What We Read in 2016

Here’s what you missed while enduring the last 12 months…

Fusion: A trend story about millennials, by The New York Times

Selected by Joe Lazauskas, editor-in-chief

Over the past year, I’ve read my fair share of depressing, thought-provoking essays about the state of media, politics, and tech, and the strange dystopia that we’re slowly careening into. Which to choose?! There were just so many great pieces that I read by the soft glow of my phone, pieces that stayed with me all night and haunted my dreams.

But you know what? Screw that. I’m going to share the funniest thing I read last year—a piece that literally made me fall on the floor in our office. 2016 was shit, but every word of this piece is perfect.

Epic Magazine: Silicon Is Just Sand

Selected by Erin Nelson, marketing editor

What was the deal with “Silicon Beach” in Los Angeles, and why did it involve murder?

It would have been easy to capture the seduction of the LA tech underworld in broad strokes, but Stephen Elliott instead uses descriptive language and thorough—and at times, awkward—interviews to draw finite details about the players involved.

An apt storyteller, he is able to summarize the ripple effect of an urban tech boom without cementing cliched caricatures. Here, the entrepreneur is not another geeky Ivy League dropout with a billion dollar company built from his parents’ garage. He is a former convict, actor, and YouTube fanatic who, through grit and a bit of luck, struck it big (only to lose it all). Like a Russian nesting doll, Elliott hides complete stories within a larger one—with each mysterious and complex narrative able to stand on its own.

Finally, Elliott achieves something difficult for any reporter: He inserts himself as a character, with flaws and ambitions like the rest of his cast. The story is over 10,000 words and took me more than one sitting to read. But it pushed me to reimagine how to turn industry coverage into a narrative fit for Hollywood.

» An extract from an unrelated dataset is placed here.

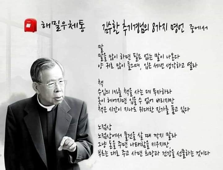 6. 분노(Anger) 화를 내는 사람은 늘 손해를 본다. 화를 내는 사람은 자신도 죽이고 남도 죽인다. 화를 내는 사람에게는 가까이 다가가는 사람이 없기 때문에 늘 외롭고 외롭습니다. 7. 기도(祈禱) 기도는 녹슬었다. 쇠를 녹여 천년 동안 흑암의 굴을 밝히는 빛의 광선이니라 주먹을 꽉 쥐는 것보다 두 손을 모으고 기도하는 사람이 더 강하다. 기도는 자기 성찰을 찾는 데 도움이 되고 인생 전체에 유익이 됩니다. 8. 이웃에게 무슨 일이 일어나는가? 이웃이 있더라도 등을 돌리지 마십시오. 이웃은 당신의 모습을 비춰주는 큰 거울과 같습니다. 이웃이 돌아서거나 마주쳐도 웃지 않는다면 목욕을 하고 바르게 앉아 자신을 돌아보세요. 9. 사랑(Love) 머리와 입으로 나누어 보세요. 사랑에는 향기가 없습니다. 진정한 사람에게는 이해, 관용, 관용, 동화, 자기 굴욕이 선행됩니다. ‘사랑이 머리에서 가슴으로 내려오는 데 70년이 걸렸다’고 하더군요. – 김수환 추기경의 인생 명언 9가지 –

The New Inquiry: Joe Cool1

Selected by Dillon Baker, tech editor

Everyone I know loves Trader Joe’s. It’s rare that brands attain such a cult status, and whenever you find them, it’s always illuminating to examine why.

In this fantastic essay, Alicia Eler explores Trader Joe’s many idiosyncratic marketing strategies—the company is not on social media, and does minimal advertising (no digital, no TV). Instead, Trader Joe’s relies almost exclusively on word-of-mouth and its unique store structure to bring new customers in and keep the old ones loyal.

Overall, the essay is a fascinating dive into contemporary marketing that questions many of the assumptions brands hold about how to build a successful business in the 21st century. For that, it’s my favorite read of 2016.

Deadspin: Fuck Everything and Blame Everyone

Craig Davis, editorial intern

2016 was a shitty, shitty year.

We lost legends like Muhammad Ali and Prince. Citizens of the U.S. and UK made some questionable decisions at the ballot box. I got laid off and ate a lot of ramen.

Deadspin—whose own shitty year involved bankruptcy, Peter Thiel, and Hulk Hogan’s penis—summed it up best with this profane yet thoughtful flood of catharsis the day after the election. From the press’ failure to responsibly police the candidates, to Facebook’s “massive reality-distortion field,” to a political system that still suppresses voter turnout, author Alex Pareene pulls no punches in placing the blame on all deserving parties.

There are way too many summary pieces on Trump’s victory and the ensuing reaction, but no other does such a good job of capturing the zeitgeist. People needed to read something like this in the aftermath, and Deadspin came through.

n+1: Uncanny Valley

Selected by Jordan Teicher, managing editor

This could be fiction. Not in the sense that the author, Anna Wiener, made up details. I mean that this essay is so good and intimate that it reads like a thoughtful short story.

It’s about one woman’s experiences working for startups. The subhead, “I would say more, but I signed an NDA” sets up the tragic humor that’s to come over the next half hour. Wiener can’t share the names of people or companies, so she tells her story through this anonymous prism that makes you feel sad and numb. In between the ridiculous office anecdotes that play like parody, she sounds like a veteran thinking about combat.

Anyone who works remotely close to the tech solar system will relate to this article in some way. It covers the big themes of race, gender, and age, but at its core, it’s really about the psychology of loneliness, desperation, and success. “Uncanny Valley” was the best thing I read last year, and it’s not even close.

  1. The New Inquiry is temporarily offline, but should be back up soon.